* [Task prompt]: Only the stretch below from the line holding "我园教师曹蕾在新乡市基础教育" through the line holding "The first of" should be restated, word for word and with both ends included; pictures stay out.

* [Data listing]:
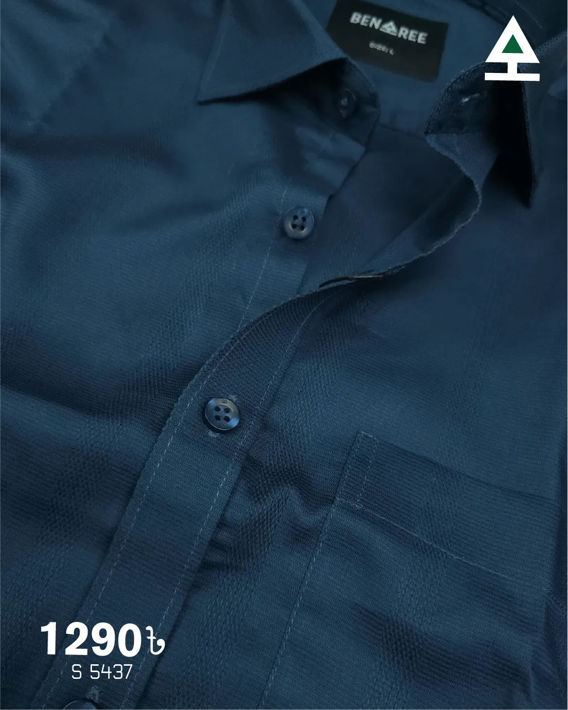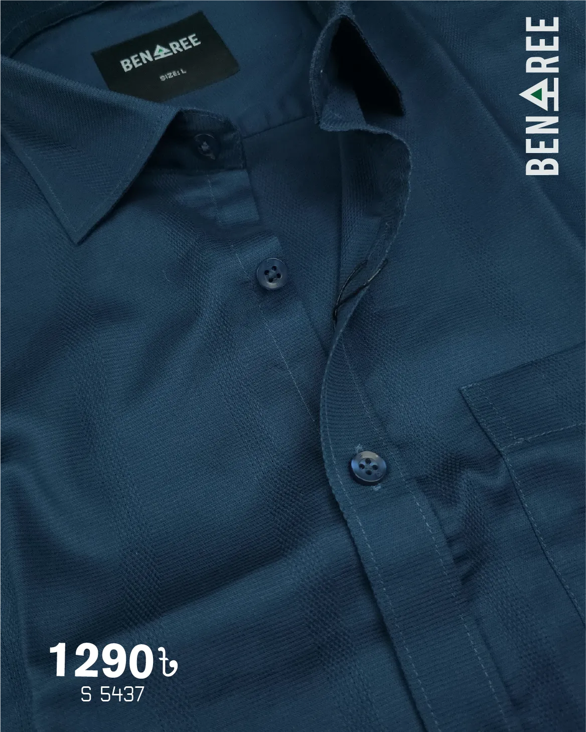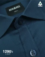 Navy blue color formal shirt made from breathable cotton. On color horizontal sprint on the body.
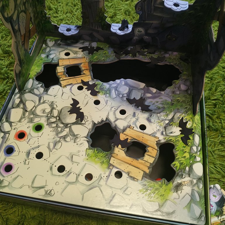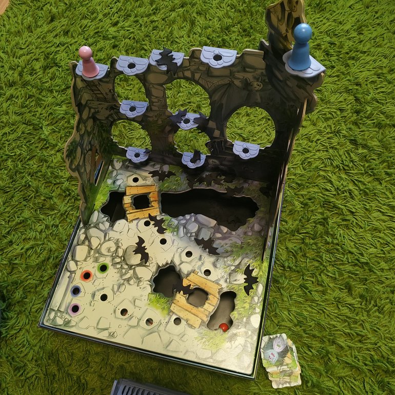 Не знаю правильно ли написала по русски. Перевода правил нет, нашла в интернете. Игра из серии "себе вряд ли куплю, но попробовать классно". Да и по возрасту она нам не подходит... Мальчишкам откровенно поздно, хотя летучих мышей пуляли с удовольствием. Ну если честно, я тоже с азартом их остреливала на стены замка. Главное совсем не понятно, что надо сделать с пулялкой, чтобы мышь попала куда надо. Все получается по разному... Алгоритм отследить не удалось, вывод - игра на удачу))) Но качество супер, что ни говори...
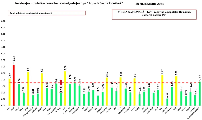 Aradul rămâne singurul județ din scenariul roșu. Călărași raportează o creștere a incidenței
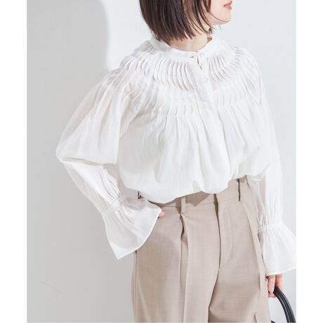 つや感のある生地に贅沢にタックを施したデザインブラウス。
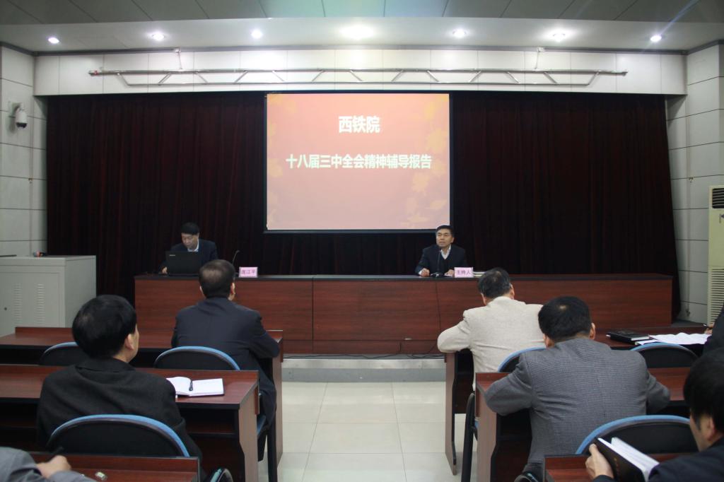 4月2日,西铁院党委邀请西安市委讲师团团长庞江平教授来校进行十八届三中全会精神辅导讲座。院党委领导班子成员和中层干部及机关后勤党总支全体党员参加,讲座由党委副书记、纪委书记黄家昌主持。
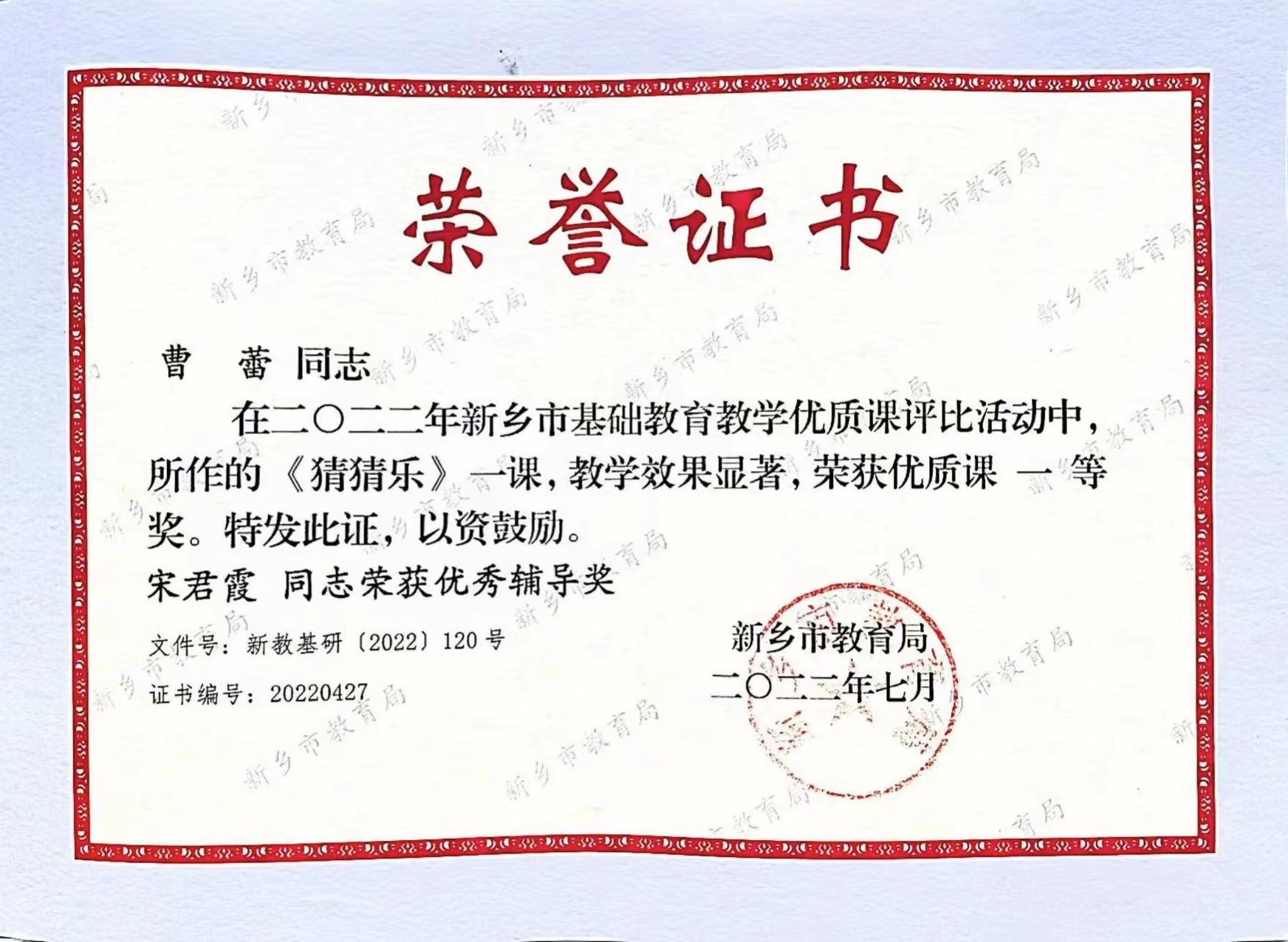 我园教师曹蕾在新乡市基础教育教学优质课评比活动中所做的数学活动《猜猜乐》一课,教学效果显著,荣获优质课评比一等奖。宋君霞荣获优秀辅导奖。
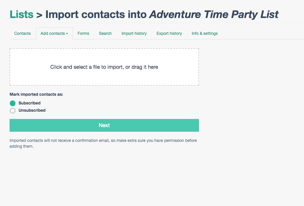 The first of these is the ability to select whether the list of contacts you are importing on to the list are those who are subscribed to the list or those who are unsubscribed. Thus, allowing you to transfer your unsubscribed users as well and storing their contact information.
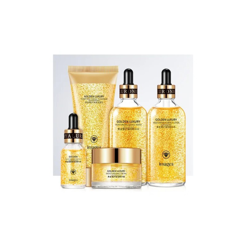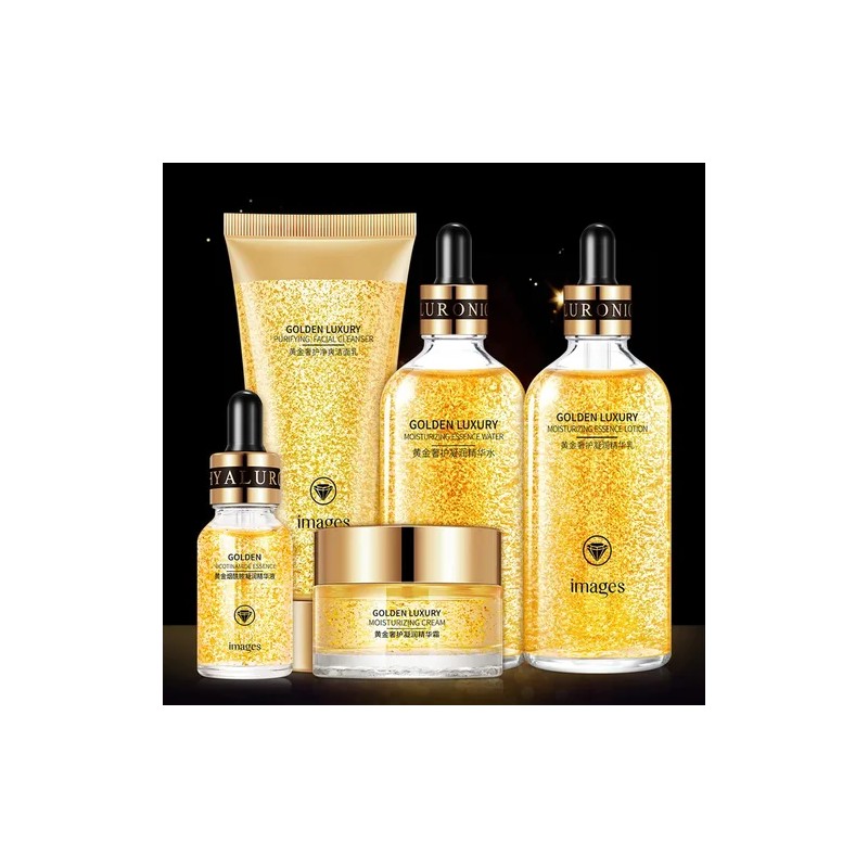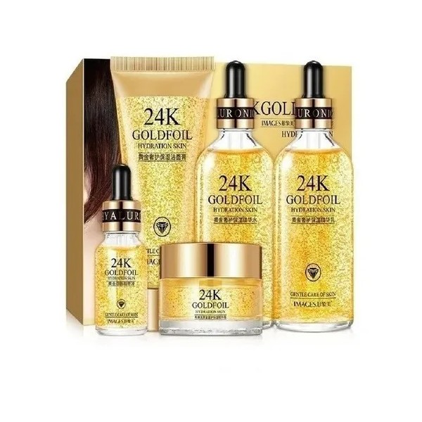 Kit 24k Pure Gold 5 Piezas – Colágeno, Oro y Ácido Hialurónico | Serum Antiarrugas
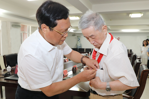 会后,校领导为参会师生佩戴了中国共产党成立100周年纪念徽章。
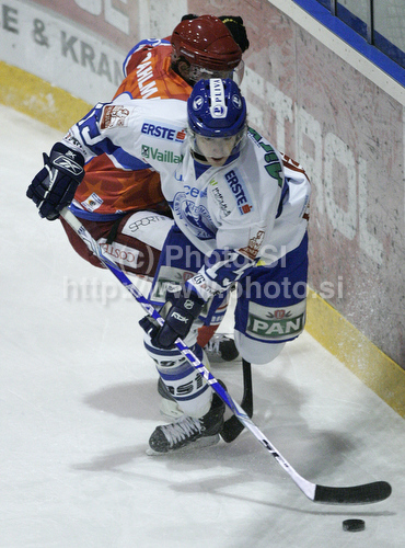 : Andy Sertich of KHL Medvescak (front) and Toni Dahlman of HK Acroni Jesenice (back) during match of EBEL Ice hockey league between HK Acroni Jesenice, Slovenia, and KHL Medvescak Zagreb, Croatia. HK Acroni Jesenice and KHL Medvescak Zagreb was played in Podmezakla hall in Jesenice, Slovenia, on Thursday, 30th of December 2010.
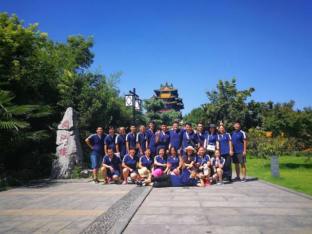 名扬四海的千年古刹大明寺是我们旅行的第一站,这座古老的寺院因一位高僧而扬名,那就是鉴真大师,这是他东渡前担任主持的寺院,一直香火不断,就在我们参观游览的时候还看到有很多拜佛上香的人。每个营都有一位专职导游,这次我们营的导游姓于,是一位身材娇小玲珑,长相甜美的江南女孩。她是土生土长的扬州人,在大巴车上就给我们普及了这座城市的很多历史人文知识,又补充了很多当地居民的民俗习惯,真的非常受益!她先带领我们来到大明寺的大雄宝殿,大殿面阔三间,檐高三重,代表了这座大殿的最高等级。寺院内部不能拍照,无图。
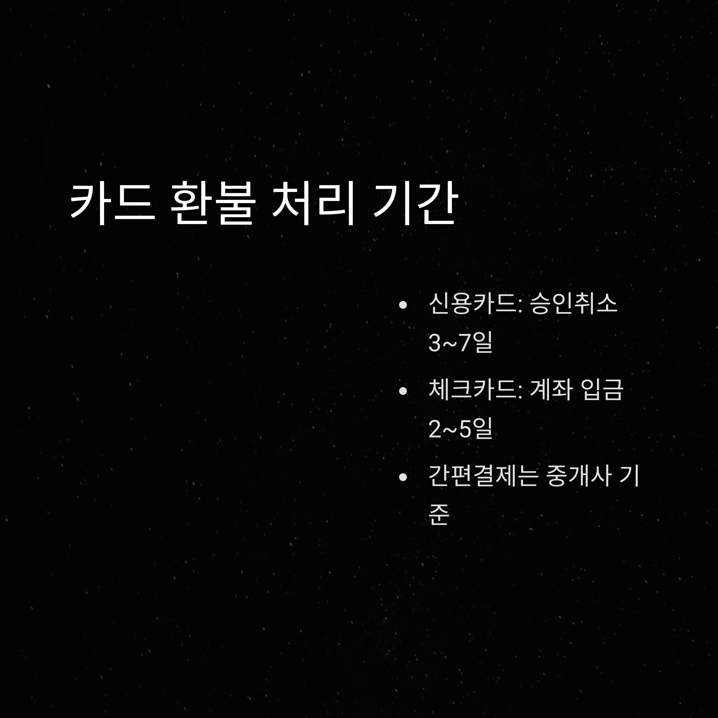 - 체크카드: 계좌로 환불되며, 2~5일 이내 입금
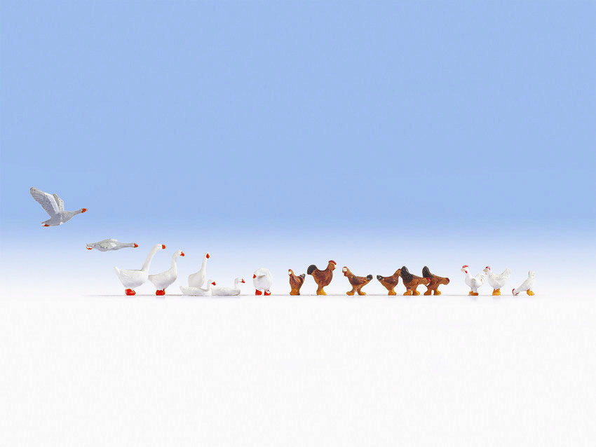 Das 17-teilige Set für die Spur H0 (Maßstab 1:87, ca. 2 cm hoch) besteht aus 11 Gänsen und 6 Hühnern. Das detailreiche Set zeigt die Tiere in unterschiedlichen bewegten Posen: einige fliegen, andere stehen oder sitzen. Sowie sie auch vor sich hin stolzieren oder Futter picken. Mit diesem Set lassen sich ideal landwirtschaftliche Szenen nachgestalten und lebendig ausschmücken!
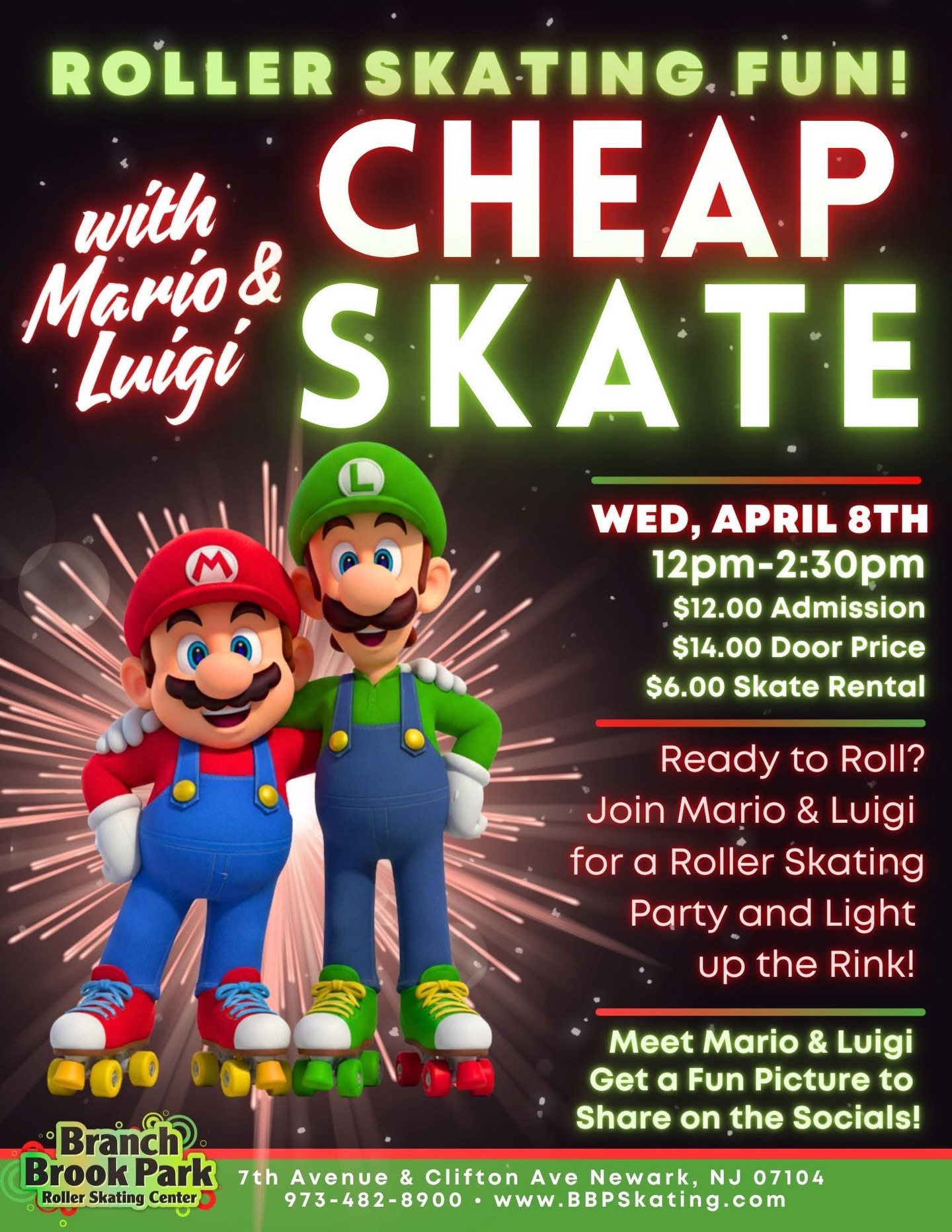 In-person Mario & Luigi Cheap Skate Branch Brook Park Skating April 8, 2026 12:00pm - 2:30pm It’s-a time to skate. Mario & Luigi Cheap Skate is here—bring your crew and let’s roll!
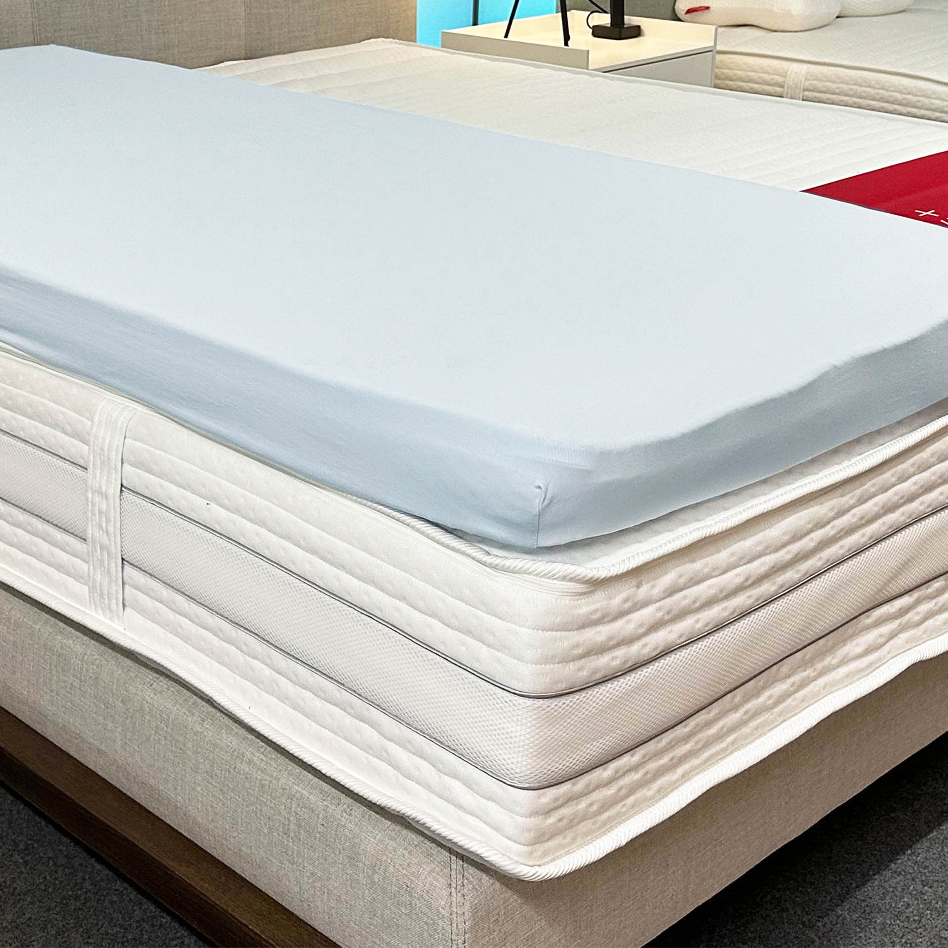 This is a fitted sheet for a mattress topper, as many box spring beds or upholstered beds are equipped with a topper, which provides additional comfort on top of the mattress. All fitted sheets from the Lotus Souplesse range are suitable as topper fitted sheets. For narrow toppers with a height of 6–8 cm, the excess fabric of the Lotus Souplesse fitted sheet is folded over and tucked under the topper. Thanks to the high elasticity of the Lotus Souplesse fitted sheet (6% elastane), it spreads out easily and can be smoothed out without any problems.
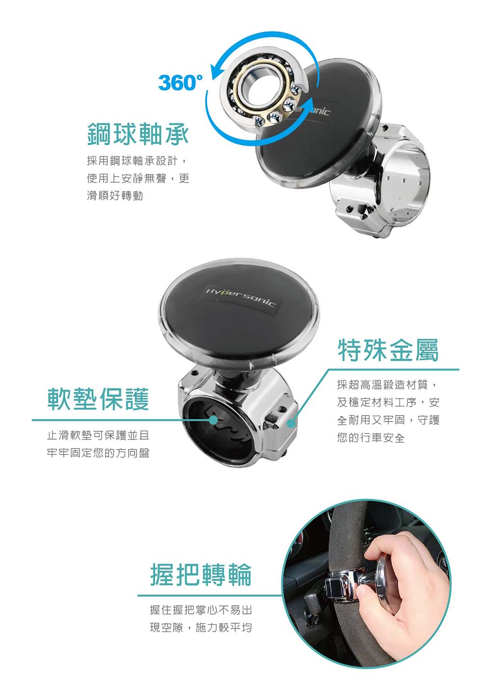 ‧ 品牌:Hypersonic‧ 品名:車用方向盤轉輪‧ 適用尺寸範圍:圓周約110~125mm(寬34mm 高36~42mm)‧ 材質:ABS‧ 顏色:黑色‧ 產地:台灣

* [Expected answer]:
 我园教师曹蕾在新乡市基础教育教学优质课评比活动中所做的数学活动《猜猜乐》一课,教学效果显著,荣获优质课评比一等奖。宋君霞荣获优秀辅导奖。
 The first of these is the ability to select whether the list of contacts you are importing on to the list are those who are subscribed to the list or those who are unsubscribed. Thus, allowing you to transfer your unsubscribed users as well and storing their contact information.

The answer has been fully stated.